I used to suggest wrapping the liver in plastic wrap before wrapping it in aluminum foil, but I got e-mail from a researcher saying that heating up plastic wrap like that causes it to give off surprising amounts of carcinogenic chemicals, so I tried leaving out the plastic wrap, and found it to work just fine without.

I find that 1 lb. or 0.5 kg. monkfish liver makes enough for three.

Salt well
Place the liver in a bowl and salt it well; let it sit in the refrigerator for 40 minutes.
Soak in sake
Wash the salt off with a little sake and then soak the liver in some more sake for 10 minutes or so. The quality of sake really doesn't matter; I have had fine results using cooking sake, or mirin.

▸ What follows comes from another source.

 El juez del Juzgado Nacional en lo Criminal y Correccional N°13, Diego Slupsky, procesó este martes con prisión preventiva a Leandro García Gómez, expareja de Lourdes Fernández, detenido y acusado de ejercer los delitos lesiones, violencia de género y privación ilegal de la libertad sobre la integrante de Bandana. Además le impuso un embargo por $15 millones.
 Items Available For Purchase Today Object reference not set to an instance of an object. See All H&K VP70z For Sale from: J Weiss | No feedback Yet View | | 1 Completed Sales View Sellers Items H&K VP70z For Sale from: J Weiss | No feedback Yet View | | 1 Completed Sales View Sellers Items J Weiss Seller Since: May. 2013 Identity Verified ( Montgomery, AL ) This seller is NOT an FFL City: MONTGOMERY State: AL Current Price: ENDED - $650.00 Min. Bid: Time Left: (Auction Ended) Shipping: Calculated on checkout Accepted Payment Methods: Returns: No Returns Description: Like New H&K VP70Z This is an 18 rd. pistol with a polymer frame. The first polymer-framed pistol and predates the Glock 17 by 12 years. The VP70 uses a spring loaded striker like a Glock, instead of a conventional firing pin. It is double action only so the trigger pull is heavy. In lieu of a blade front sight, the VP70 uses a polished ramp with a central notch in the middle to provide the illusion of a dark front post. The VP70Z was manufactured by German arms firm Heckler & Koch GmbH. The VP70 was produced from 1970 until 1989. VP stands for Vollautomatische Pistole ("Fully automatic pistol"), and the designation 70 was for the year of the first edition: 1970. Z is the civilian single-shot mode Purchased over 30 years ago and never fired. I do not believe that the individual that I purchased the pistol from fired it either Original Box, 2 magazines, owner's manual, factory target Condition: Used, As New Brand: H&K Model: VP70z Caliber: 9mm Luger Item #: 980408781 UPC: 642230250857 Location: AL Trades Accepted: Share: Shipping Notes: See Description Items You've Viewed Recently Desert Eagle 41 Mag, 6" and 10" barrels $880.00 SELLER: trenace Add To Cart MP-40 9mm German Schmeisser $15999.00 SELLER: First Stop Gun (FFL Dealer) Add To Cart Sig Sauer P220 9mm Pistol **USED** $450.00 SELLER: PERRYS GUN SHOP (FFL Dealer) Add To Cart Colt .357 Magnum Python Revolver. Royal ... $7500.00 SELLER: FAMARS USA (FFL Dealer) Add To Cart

After this, the veins should be easier to remove. Carefully extract them using a good pair of tweezers.
Pierce with a skewer
Lay the liver out on a sheet of aluminum foil and roll it up tightly, trying to make a tube about 3 cm. or 1.5 inches in diameter. Pierce 10 or 15 holes in the package with a thin skewer.

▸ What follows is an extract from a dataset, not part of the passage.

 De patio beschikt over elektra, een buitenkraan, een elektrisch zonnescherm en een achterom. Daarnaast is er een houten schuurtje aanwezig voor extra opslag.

Steam it on the stovetop for 35 minutes.
Unwrap and cool
Unwrap it and let it cool to room temperature. It can be served cooler, but don't serve it hot off the stove or cold out of the refrigerator.
Slice and serve
Cut it into quarter-inch or half-centimetre slices and serve in small bowls. Pour a tablespoonful or so of ponzu[1] over it and garnish with grated ginger and thinly-sliced green onions.
The garnished bowls ready to serve.

1. Ponzu is a delicate citrus-based sauce. Don't use soy sauce, as it will overwhelm the flavour of the ankimo.